*** PROVIDED DATA ***
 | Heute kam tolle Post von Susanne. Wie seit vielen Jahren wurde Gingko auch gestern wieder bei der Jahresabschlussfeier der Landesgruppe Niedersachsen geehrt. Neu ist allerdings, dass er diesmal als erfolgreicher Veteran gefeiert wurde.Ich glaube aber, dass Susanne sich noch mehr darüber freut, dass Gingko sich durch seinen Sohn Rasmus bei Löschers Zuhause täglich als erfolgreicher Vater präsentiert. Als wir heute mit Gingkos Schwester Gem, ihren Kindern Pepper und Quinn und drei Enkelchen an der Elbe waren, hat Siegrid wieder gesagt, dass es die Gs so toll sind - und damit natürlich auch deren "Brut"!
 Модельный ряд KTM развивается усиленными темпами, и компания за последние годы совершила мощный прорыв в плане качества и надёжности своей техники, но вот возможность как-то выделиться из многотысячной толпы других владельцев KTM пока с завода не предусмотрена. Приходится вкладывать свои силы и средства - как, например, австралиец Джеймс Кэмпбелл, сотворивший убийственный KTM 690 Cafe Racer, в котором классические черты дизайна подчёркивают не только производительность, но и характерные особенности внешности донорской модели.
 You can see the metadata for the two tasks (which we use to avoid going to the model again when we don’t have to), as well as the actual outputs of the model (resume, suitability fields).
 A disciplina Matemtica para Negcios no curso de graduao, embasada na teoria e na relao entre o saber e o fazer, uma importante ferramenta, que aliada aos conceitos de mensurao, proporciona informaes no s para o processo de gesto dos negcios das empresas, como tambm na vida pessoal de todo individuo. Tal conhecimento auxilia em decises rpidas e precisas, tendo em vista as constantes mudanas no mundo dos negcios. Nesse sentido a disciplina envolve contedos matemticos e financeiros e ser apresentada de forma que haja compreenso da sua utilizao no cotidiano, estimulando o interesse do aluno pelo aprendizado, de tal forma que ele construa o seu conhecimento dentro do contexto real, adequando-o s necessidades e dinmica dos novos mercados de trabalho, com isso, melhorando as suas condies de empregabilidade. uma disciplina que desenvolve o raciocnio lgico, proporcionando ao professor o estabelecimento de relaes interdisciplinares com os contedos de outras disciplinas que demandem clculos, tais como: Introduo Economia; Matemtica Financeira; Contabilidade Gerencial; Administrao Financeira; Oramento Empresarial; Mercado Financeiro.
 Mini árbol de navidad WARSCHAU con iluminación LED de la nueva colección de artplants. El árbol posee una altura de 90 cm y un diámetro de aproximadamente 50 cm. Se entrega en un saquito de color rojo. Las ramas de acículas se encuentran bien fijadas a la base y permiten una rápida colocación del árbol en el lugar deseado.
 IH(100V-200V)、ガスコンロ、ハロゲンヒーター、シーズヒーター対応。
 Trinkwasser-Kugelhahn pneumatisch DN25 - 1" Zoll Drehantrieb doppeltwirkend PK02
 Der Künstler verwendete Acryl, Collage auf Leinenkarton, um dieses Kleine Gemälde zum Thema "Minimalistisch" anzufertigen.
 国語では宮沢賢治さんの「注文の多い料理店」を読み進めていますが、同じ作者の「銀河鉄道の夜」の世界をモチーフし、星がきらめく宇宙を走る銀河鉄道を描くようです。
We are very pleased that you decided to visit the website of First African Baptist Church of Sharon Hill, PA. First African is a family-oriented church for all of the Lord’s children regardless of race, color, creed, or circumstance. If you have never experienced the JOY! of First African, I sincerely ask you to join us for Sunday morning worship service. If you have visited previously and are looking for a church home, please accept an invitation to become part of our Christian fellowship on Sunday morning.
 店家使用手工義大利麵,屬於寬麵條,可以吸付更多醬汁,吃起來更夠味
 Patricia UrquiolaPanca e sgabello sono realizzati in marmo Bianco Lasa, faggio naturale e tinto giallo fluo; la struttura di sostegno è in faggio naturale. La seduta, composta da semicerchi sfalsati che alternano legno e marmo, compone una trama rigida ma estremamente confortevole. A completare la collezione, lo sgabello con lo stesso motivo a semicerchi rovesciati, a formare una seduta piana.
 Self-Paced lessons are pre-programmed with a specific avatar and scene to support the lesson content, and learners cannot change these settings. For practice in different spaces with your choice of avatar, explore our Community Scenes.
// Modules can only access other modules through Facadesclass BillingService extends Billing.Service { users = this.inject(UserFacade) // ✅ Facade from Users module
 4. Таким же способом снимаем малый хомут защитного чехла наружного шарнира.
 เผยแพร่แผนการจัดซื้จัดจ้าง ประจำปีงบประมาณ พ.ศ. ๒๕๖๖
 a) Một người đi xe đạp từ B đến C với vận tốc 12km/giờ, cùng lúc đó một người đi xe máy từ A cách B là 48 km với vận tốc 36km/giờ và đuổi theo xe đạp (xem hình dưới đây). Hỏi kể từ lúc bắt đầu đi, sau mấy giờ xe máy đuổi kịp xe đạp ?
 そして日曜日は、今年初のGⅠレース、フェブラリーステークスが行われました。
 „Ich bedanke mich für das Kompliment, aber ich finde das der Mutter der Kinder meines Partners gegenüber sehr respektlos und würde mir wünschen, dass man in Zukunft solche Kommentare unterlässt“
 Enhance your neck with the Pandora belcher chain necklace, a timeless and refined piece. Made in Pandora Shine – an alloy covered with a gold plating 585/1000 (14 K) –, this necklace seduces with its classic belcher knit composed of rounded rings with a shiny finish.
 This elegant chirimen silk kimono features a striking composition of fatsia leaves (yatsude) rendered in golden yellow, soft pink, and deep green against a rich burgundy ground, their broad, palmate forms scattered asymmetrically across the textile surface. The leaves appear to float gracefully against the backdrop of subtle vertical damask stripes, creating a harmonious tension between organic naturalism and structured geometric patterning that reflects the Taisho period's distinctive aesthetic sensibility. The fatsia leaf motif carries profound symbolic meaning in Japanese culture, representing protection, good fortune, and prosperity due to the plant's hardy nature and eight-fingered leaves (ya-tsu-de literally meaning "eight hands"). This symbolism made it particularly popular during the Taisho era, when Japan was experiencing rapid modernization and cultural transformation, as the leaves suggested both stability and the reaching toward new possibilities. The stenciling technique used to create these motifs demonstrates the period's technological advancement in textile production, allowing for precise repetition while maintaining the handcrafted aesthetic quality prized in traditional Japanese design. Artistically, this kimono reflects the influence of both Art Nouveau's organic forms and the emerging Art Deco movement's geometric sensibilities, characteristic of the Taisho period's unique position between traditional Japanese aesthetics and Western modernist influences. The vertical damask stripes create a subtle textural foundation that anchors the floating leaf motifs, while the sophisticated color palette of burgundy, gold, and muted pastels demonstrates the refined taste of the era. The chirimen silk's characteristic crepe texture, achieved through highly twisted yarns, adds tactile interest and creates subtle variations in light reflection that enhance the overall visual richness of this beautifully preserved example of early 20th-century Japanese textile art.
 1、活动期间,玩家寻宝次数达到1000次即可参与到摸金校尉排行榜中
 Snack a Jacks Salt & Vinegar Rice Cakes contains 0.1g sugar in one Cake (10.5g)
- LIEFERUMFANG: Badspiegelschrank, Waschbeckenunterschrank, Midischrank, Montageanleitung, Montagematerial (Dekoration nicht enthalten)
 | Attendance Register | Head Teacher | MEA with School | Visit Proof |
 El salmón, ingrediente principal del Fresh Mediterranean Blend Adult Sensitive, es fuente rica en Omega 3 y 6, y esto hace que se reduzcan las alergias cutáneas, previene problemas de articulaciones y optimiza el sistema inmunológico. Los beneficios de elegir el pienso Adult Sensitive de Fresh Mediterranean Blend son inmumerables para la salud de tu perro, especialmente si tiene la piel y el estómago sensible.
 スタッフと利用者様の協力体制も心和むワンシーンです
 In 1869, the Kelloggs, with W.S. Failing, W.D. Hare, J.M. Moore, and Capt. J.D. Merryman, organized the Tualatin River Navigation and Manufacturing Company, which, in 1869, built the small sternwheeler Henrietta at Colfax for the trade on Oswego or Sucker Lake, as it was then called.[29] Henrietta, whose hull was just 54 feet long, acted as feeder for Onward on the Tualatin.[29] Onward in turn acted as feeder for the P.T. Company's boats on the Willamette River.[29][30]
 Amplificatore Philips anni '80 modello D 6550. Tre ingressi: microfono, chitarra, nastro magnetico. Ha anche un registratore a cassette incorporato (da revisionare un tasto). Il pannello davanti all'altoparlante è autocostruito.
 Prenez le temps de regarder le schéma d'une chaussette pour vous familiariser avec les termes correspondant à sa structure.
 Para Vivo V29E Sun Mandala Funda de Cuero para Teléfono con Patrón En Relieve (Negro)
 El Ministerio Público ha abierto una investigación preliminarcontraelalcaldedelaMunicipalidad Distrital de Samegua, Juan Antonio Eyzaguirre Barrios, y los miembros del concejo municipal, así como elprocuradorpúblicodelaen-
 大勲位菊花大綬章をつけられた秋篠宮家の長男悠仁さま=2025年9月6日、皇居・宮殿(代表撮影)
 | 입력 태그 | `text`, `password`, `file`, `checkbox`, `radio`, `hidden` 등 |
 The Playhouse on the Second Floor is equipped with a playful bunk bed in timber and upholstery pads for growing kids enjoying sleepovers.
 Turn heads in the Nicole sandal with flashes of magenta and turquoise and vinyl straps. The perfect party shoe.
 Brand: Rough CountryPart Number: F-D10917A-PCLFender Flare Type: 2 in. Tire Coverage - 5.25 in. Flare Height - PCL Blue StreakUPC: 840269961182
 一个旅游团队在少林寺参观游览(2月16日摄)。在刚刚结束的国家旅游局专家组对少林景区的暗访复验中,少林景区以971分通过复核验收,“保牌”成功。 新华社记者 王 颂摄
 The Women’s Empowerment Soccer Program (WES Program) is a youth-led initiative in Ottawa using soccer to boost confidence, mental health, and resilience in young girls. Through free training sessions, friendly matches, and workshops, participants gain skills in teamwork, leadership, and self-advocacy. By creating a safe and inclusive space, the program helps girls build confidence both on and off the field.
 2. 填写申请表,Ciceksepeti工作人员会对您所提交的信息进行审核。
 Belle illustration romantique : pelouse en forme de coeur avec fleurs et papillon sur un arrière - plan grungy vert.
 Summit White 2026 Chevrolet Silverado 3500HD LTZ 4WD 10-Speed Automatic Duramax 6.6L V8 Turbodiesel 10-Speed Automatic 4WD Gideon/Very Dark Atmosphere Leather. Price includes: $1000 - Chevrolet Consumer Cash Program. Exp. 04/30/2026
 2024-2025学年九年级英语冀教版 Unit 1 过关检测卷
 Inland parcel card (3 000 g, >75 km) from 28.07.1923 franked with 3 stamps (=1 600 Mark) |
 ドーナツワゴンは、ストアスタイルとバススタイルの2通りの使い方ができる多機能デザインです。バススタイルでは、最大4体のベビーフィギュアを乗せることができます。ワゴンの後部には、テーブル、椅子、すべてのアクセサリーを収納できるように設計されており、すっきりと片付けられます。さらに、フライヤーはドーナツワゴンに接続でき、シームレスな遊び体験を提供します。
*** End of PROVIDED DATA ***
WHAT TO WORK ON
Print, without alteration, only the lines above between the one holding "Trinkwasser-Kugelhahn pneumatisch DN25" and the one holding "国語では宮沢賢治さんの「注文", inclusive.

EXERCISE RESPONSE
 Trinkwasser-Kugelhahn pneumatisch DN25 - 1" Zoll Drehantrieb doppeltwirkend PK02
 Der Künstler verwendete Acryl, Collage auf Leinenkarton, um dieses Kleine Gemälde zum Thema "Minimalistisch" anzufertigen.
 国語では宮沢賢治さんの「注文の多い料理店」を読み進めていますが、同じ作者の「銀河鉄道の夜」の世界をモチーフし、星がきらめく宇宙を走る銀河鉄道を描くようです。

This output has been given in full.